Mas é possível somar à sua posse a posse exercida anteriormente pela sociedade construtora. Nos termos do art. 1256º nº 1 do CC aquele que houver sucedido na posse de outrem por título diverso da sucessão por morte pode juntar à sua a posse do antecessor. Para poder beneficiar deste instituto terá de alegar e provar actos de posse pelos antecessores.
O normativo apenas exige uma ligação sequencial legítima entre posses, podendo relevar tal ligação para efeitos de usucapião (art. 1287º CC) ou, v.g., para efeitos de melhor posse (art. 1267º nº1 al.d) e 1278º nºs 2 e 3 CC). As duas posses não têm que ser absolutamente homogéneas (cfr. Durval Ferreira, Posse e Usucapião, §135, que exemplifica: “assim, o comprador duma fracção de um condomínio pode juntar à sua posse da fracção, a posse anterior do edifício pelo construtor/vendedor, bem como a eventual posse do anterior proprietário/possuidor que ao construtor vendeu o terreno”).
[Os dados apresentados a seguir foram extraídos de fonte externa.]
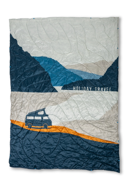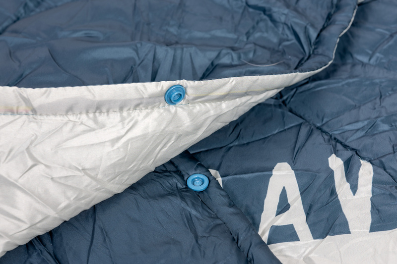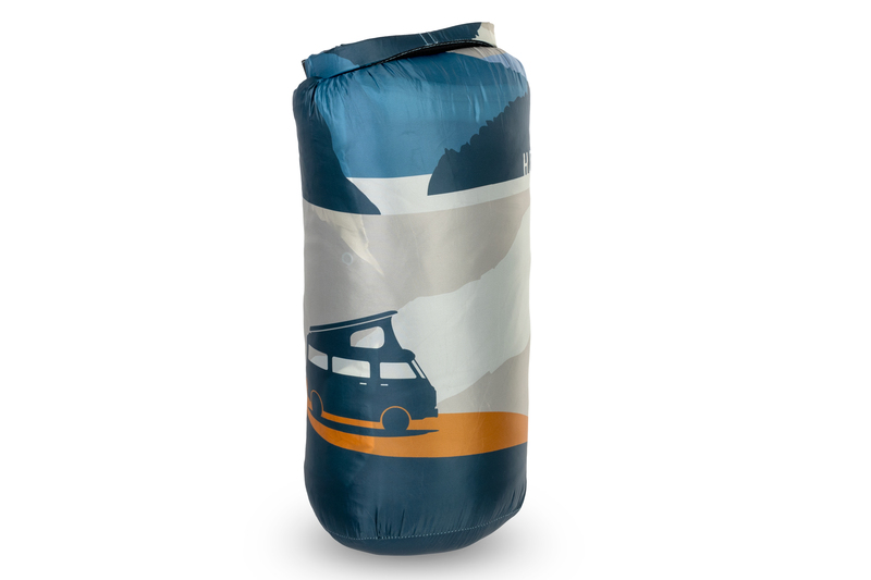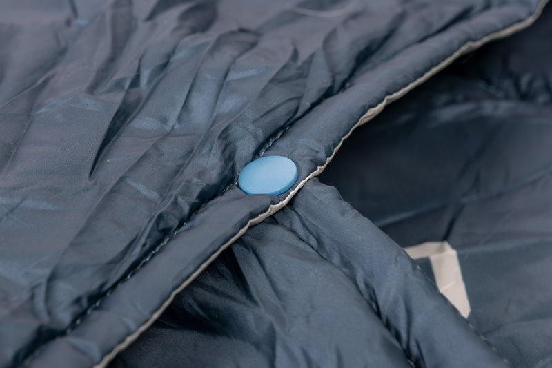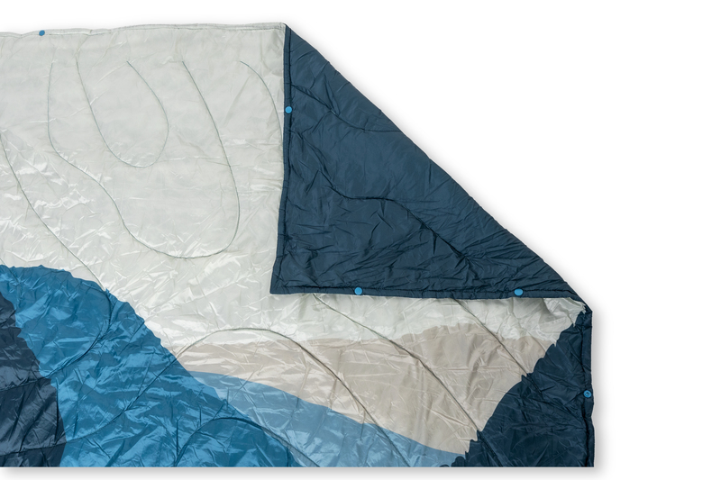 Ultraleichte Decke (200 x 145 cm) – ideal für Camping, Strand, Picknick & mehr. Wasserabweisendes Material mit wärmender Füllung. Abends auch tragbar – seitliche Druckknöpfe ermöglichen einfaches Umhängen. Verpackt im praktischen Tragebeutel mit Dry-Bag-Verschluss.

Conforme se defendeu no Ac.STJ, de 3/6/92, Bol.418/773, não existem razões que distingam o caso do fraccionamento da propriedade singular ou comum original em fracções autónomas de propriedade horizontal, do seu fraccionamento em unidades autónomas completamente independentes, como acontece na divisão da propriedade rústica, quando possível.
No caso da divisão legal e fisicamente possível em unidades independentes, a posse inicial sobre a coisa transfere-se para as partes em que for decomposta e cada um dos sucessores (acedentes) adquire a posse que o antecessor tinha sobre a respectiva parcela, como parte do todo (Ac. do TRG de 26/05/2004, proc. 932/04).
O TCPH poderá ser alterado nos termos do art. 1422º-A, nº 1 e 2 e 4 do CC, por acto unilateral constante de escritura pública, não sendo necessária a intervenção de todos os condóminos. Se a PH pode ser constituída por usucapião (art. 1417º, nº 1 do CC), também poderá ser alterada através da invocação da usucapião (defendendo esta possibilidade, vide DURVAL FERREIRA, em “Posse e usucapião”, pág. 446-447, da ed. de 2002, da Almedina, apud Ac. do TRC de 9.05.2006).
No sentido de que pode ser adquirido por usucapião um lugar de estacionamento que integrava no título constitutivo outra fracção, o Ac. do TRC já citado de 9.05.2006, proferido no proc. 966/06.
E no sentido de que se pode adquirir por usucapião um lugar de estacionamento diferente do que consta do título de PH, o Ac. do TRP de 30.05.2016, proc. nº 1817/11, que confirmou a sentença recorrida que julgou improcedente o pedido dos AA. de reconhecimento da propriedade de um lugar de estacionamento situado a poente sul e julgou procedente o pedido reconvencional dos RR. no sentido do reconhecimento pelos AA. de que o seu lugar do estacionamento é o situado no lado nascente sul por ter sido o que estes quiseram comprar e sempre utilizaram há mais de 28 anos, embora não fosse o que constava no título constitutivo da propriedade horizontal como afecto à fracção habitacional por eles adquirida.